Snippings

xxx

he AI Agent Mesh is the data plane where AI agents communicate with each other to complete tasks assigned to them

From: Solving the Identity Crisis for AI Agents.

xxx

In the United Kingdom we are about to ask a hundred random people to design our national digital identity scheme. Seriously. Invitations went out to 36,000 UK addresses (mine wasn’t one of them) asking recipients to comment on “How should we design a Digital ID system for the UK?”. Of those who respond, the government will choose (via some opaque process) somewhere between 100 and 120 of them to come to central Birmingham for a couple of weekend sessions (plus some Zoom sessions in the week). The government says that those chosen will represent “a cross-section of the UK population”. Who knows what they will come up with.

Meanwhile, in advanced nations, life goes on. China has just announced that robots will be getting digital identities and launched the Humanoid Full Lifecycle Management Service Platform to manage them.
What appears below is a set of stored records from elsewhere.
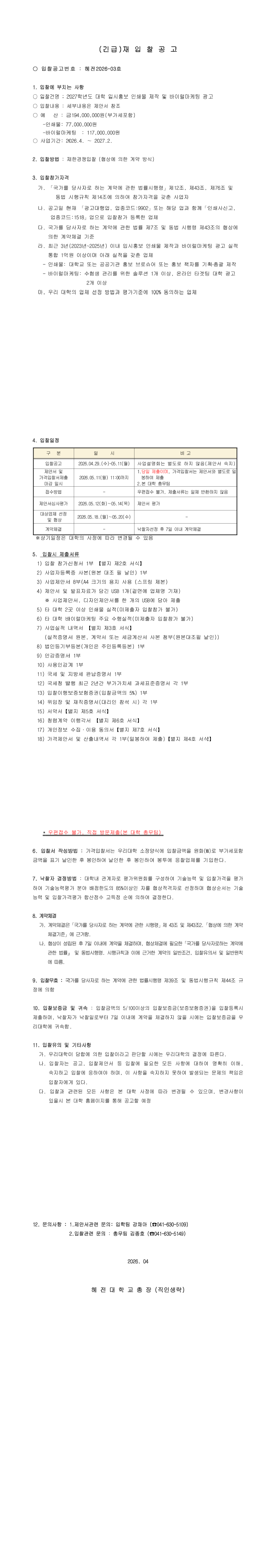 2027학년도 대학 입시홍보 인쇄물 제작 및 바이럴마케팅 광고 재입찰(긴급) |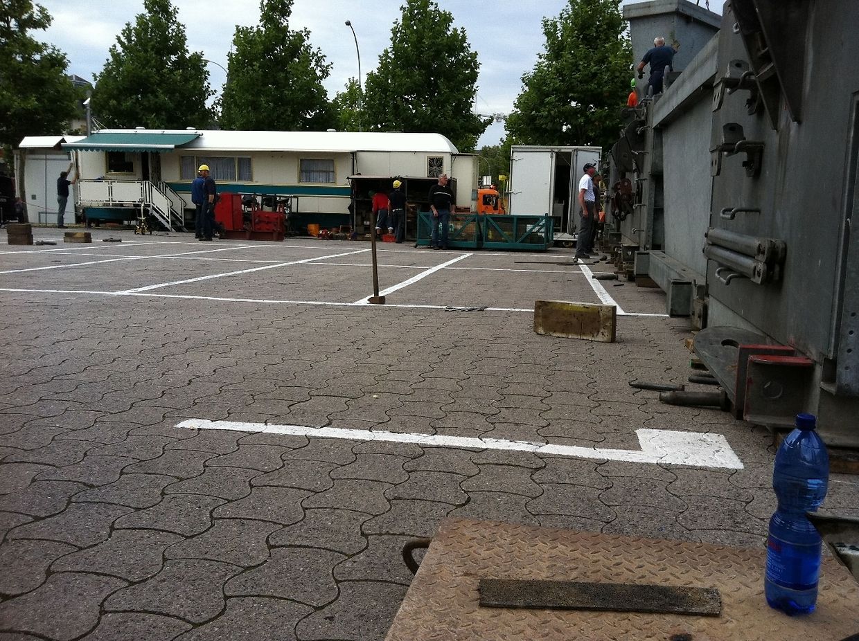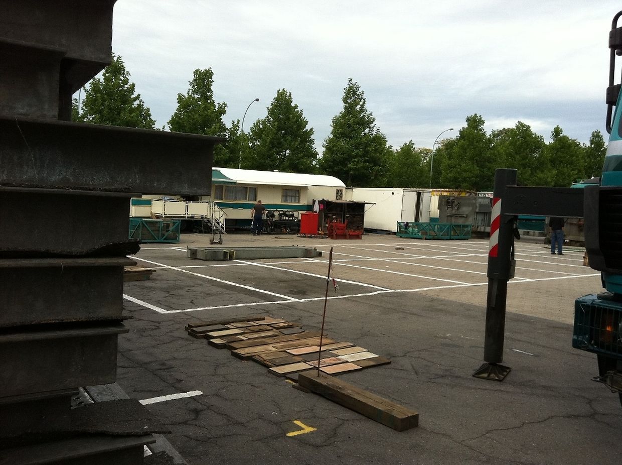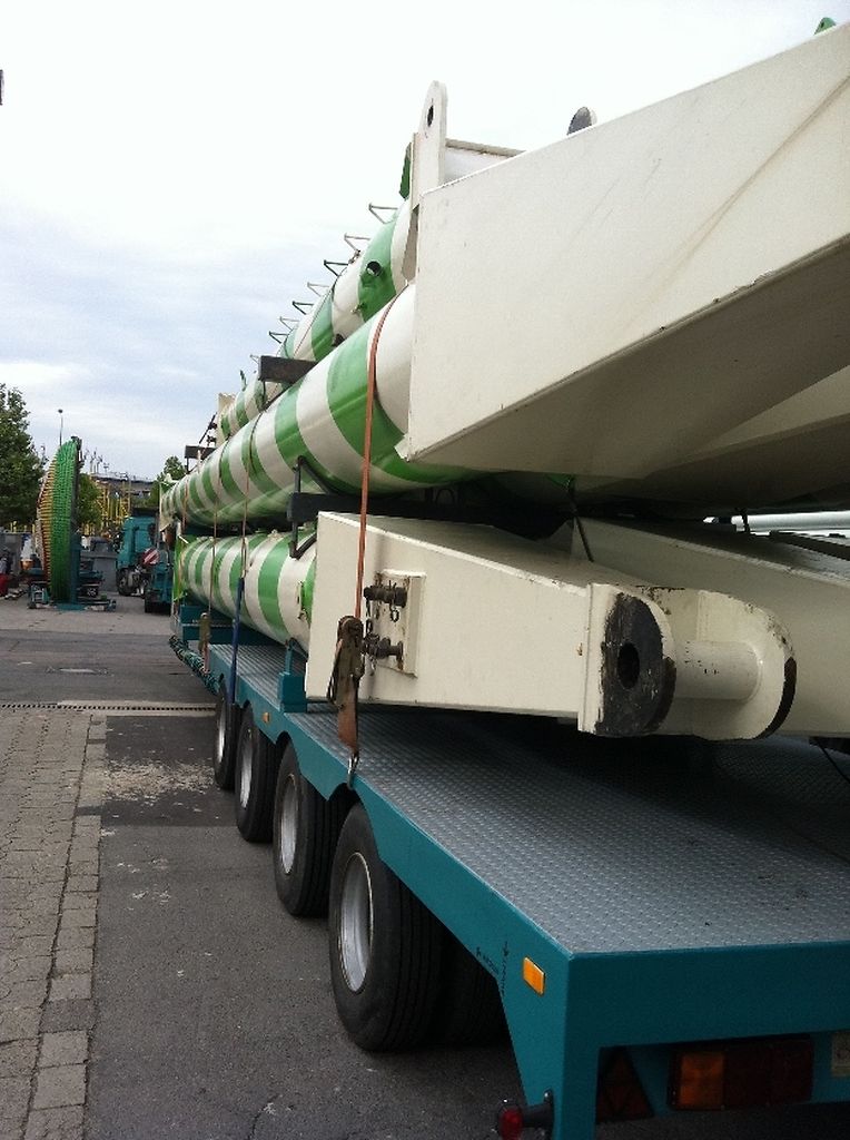 Am Montag rollten die ersten Lastwagen mit dem tonnenschweren Gerät herbei, und seit Dienstag wird mächtig aufgerüstet. 16 schwerbeladene Lkws, ein eigener Firmenkran und zusätzlich noch ein 160-Tonnen-Leihkran und ein Traktor, dazwischen ein Wohnwagen und eine Schaustellerfamilie mit zwei Hunden und einigen Kindern.
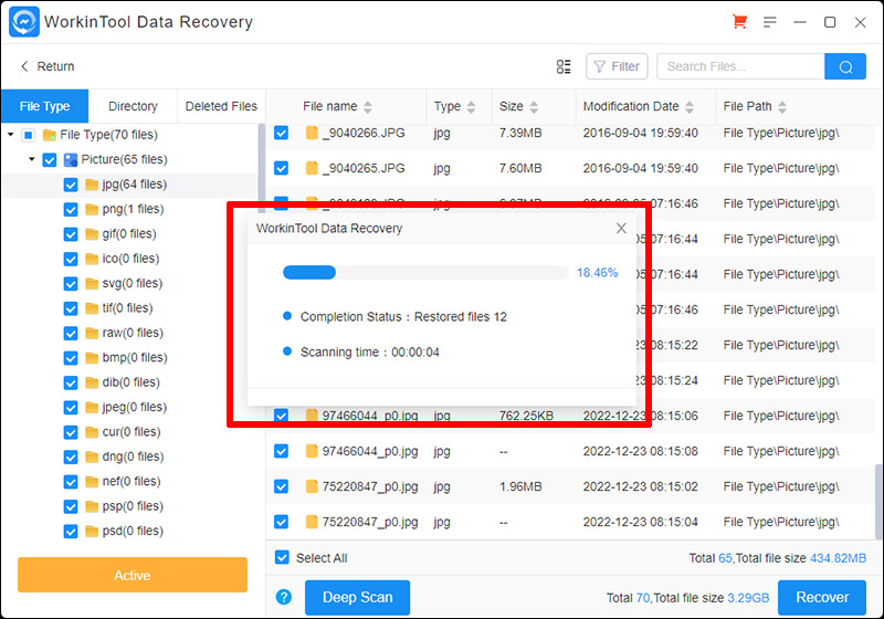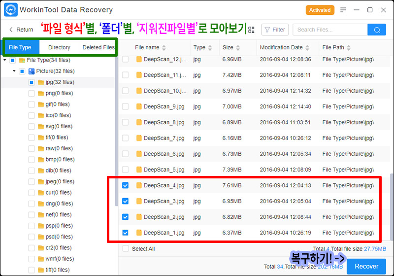 WorkinTool ๋ฐ์ดํฐ ๋ฆฌ์ปค๋ฒ๋ฆฌ ์ํํธ์จ์ด์ ๊ฒฝ์ฐ Quick Recovery ๋ณด๋ค๋ Deep Recovery์ ๋ณต๊ตฌ์จ์ด ๋งค์ฐ ํ์ํ๋๊ตฐ์. ์๊ฐ์ ์กฐ๊ธ ๊ฑธ๋ฆฌ๋ ํธ์ด์ง๋ง, ์ค์๋ก ์ง์ด ํ์ผ์ ์ ์ด๋ ค๋ด๊ธฐ ์ํด ์๊ฐ์ ๊ฐ๊ณ ๋ฅ ์ค์บ ๋ฆฌ์ปค๋ฒ๋ฆฌ๋ฅผ ์๋ํด๋ณด๋ ๊ฒ์ ๊ถ์ฅํฉ๋๋ค.

The identities will be used to track the robots from assembly through to recycling in a programme led by the Humanoid Robotics and Embodied Intelligence Standardization (HEIS) committee, part of the country’s Ministry of Industry and Information Technology.

That fact is that the demands of the economy mean that digital identities not only for people but for businesses and bots are a priority, a foundational layer for not only the economy but for a safe and secure society. If we want economic growth, we have get this layer in place.

Noelle Acheson, who knows her onions* when it comes to real-world markets, says “It’s unlikely a tokenized share in Palantir will be able to ‘seamlessly’ plug into a Russian DeFi application, for instance, or any DeFi application that has no KYC unless we finally sort out the onchain identity issue”. I am a big believer in digital assets and tokens and next-generation financial market infrastructure (FMI) and all that jazz but Noelle is right.

In the Bank for International Settlement (BIS) white paper on the topic of next generation FMI, they themselves frame digital identity as a fundamental platform on which the financial internet (that is, the “finternet”) needs. Until there is a working identity infrastruture in place, the finternet cannot happen.

Now, that identity infrastructure does not need to a global ID solution used for everything or network of national IDs or anything like it. It might well be an identity infrastructure solely for financial services. Some kind of financial services passport, for want of a better term. I think that one way we can make some progress is by focusing on a practical solution here rather than try to boil the ocean and solve the entire world’s superset of (wholly different) identity problems.

What if financial instutitions got together to solve this problem for themselves?

It is a fairly straightforward idea, after all. The first time you come into contact with the financial system, you are KYCd, AMLd, CTFd and PEPd up the wazoo: folded, spindled and mutilated until you are a certified player, at which point you would be issued with a financial services passport that you can use to visit other institutions, accountants, lawyers and so on. Then, instead of sending your personally-identifiable information with a transaction, you need only send a pointer to the passport (a public key, in essence). There will be a visa to the land of (eg) Barclays stamped inside the passport (a verifiable credential, in essence) which testifies to your certified playerness. You can show this visa to anyone: they can’t copy it our counterfeit it because they do not have access the private key, which is locked away in secure hardware somewhere.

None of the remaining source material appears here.